Dal punto di vista delle vendite online, si è registrata una vera e propria impennata nei settori che fino a poche settimane fa erano considerati emergenti: a registrare l’incremento maggiore, da fine febbraio a metà aprile, è infatti il pet care (+154%), seguito da cibi freschi e confezionati (+130%), prodotti per la cura della casa (+126%) e della persona (+93).
Figura 1 – L’accelerazione delle vendite online di alcune categorie del largo consumo
Fonte: Iri per Netcomm, 2020
«Stiamo assistendo a un’evoluzione inaspettata dei modelli di consumo degli italiani. A cambiare in tempi record – illustra Liscia – sono state soprattutto le modalità di spedizione e di consegna. L’home delivery è cresciuto del +99% e il click & collect, cioè la possibilità di ordinare online un prodotto e di ritirarlo in negozio da parte del cliente, ha registrato una crescita del +349% e ci aspettiamo che nei prossimi mesi diventerà un’abitudine sempre più consolidata, poiché consente flessibilità, adattamento alle esigenze di mobilità e, soprattutto, distanziamento sociale».
Figura 2 – Tassi di crescita: totale on line, click & collect e home delivery
Fonte: Iri per Netcomm, 2020
Non solo. Vi è stata un’accelerazione, inaspettatamente, dei modelli di business della spesa di prossimità, anche dei piccoli dettaglianti che hanno denotato in molti casi una rapida capacità di adattamento, riprendendo in chiave digitale la storica consegna a domicilio. «Il proximity commerce – spiega il presidente di Netcomm – è un modello che permette l'integrazione tra i grandi player del commercio elettronico e i piccoli negozianti, i quali, grazie alla logistica e alle piattaforme di delivery, possono raggiungere i clienti residenti nelle zone limitrofe. Si tratta di un servizio che ha finalmente raggiunto cittadine e piccoli centri abitati che fino a poche settimane fa non avrebbero immaginato di poterne beneficiare e difficilmente i consumatori rinunceranno a questa comoda pratica».

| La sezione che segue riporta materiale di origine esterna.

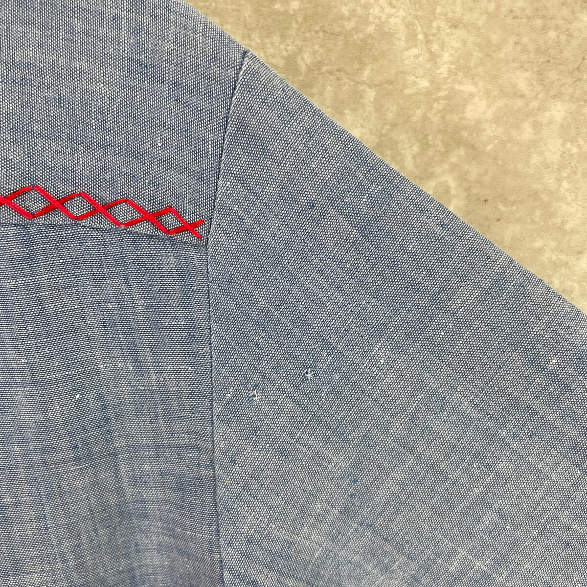 バックサイド右袖上部に小穴があります。

Le esperienze dei retailer
Queste crescite sono il riflesso dell’incremento del numero degli e-shoppers, il triplo di quelli organicamente attesi, che ha messo sotto pressione la logistica delle consegne e i retailer, che hanno dovuto rapidamente rivedere, spinti dall’emergenza, i precedenti piani di sviluppo dell’e-commerce previsti nei prossimi cinque anni.

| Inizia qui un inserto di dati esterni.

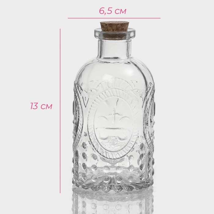 Банка стеклянная для хранения сыпучих продуктов Доляна «Парфе. Династия», 250 мл, 6,5×13 см, с пробковой крышкой

«Tra le poche certezze c’è a mio avviso – sottolinea Valentina Pontiggia, direttore dell’Osservatorio eCommerce B2c Netcomm - Politecnico di Milano – la vicinanza, la dipendenza che i canali online e fisico hanno dimostrato con forza in questo momento difficile. Durante il lockdown, il digitale per tanti ha rappresentato l’unica (e preziosa) occasione per mantenere viva una relazione e per creare valore (non vendite) con i propri consumatori. Durante la crisi abbiamo visto, quindi, cadere una dopo l’altra le barriere all’integrazione omnicanale che avevano bloccato per anni lo sviluppo della strategia digitale dei retailer italiani. La gestione dell’emergenza ha convinto anche i più restii al cambiamento, a superare gli scontri interni tra funzioni, a definire chiare responsabilità e a dedicare il giusto commitment per realizzare una nuova idea di commercio, integrato e indipendente dai canali. Per altri l’e-commerce è stato motore di crescita esponenziale delle vendite, ma le operations hanno dettato con violenza i ritmi e soprattutto hanno imposto i limiti».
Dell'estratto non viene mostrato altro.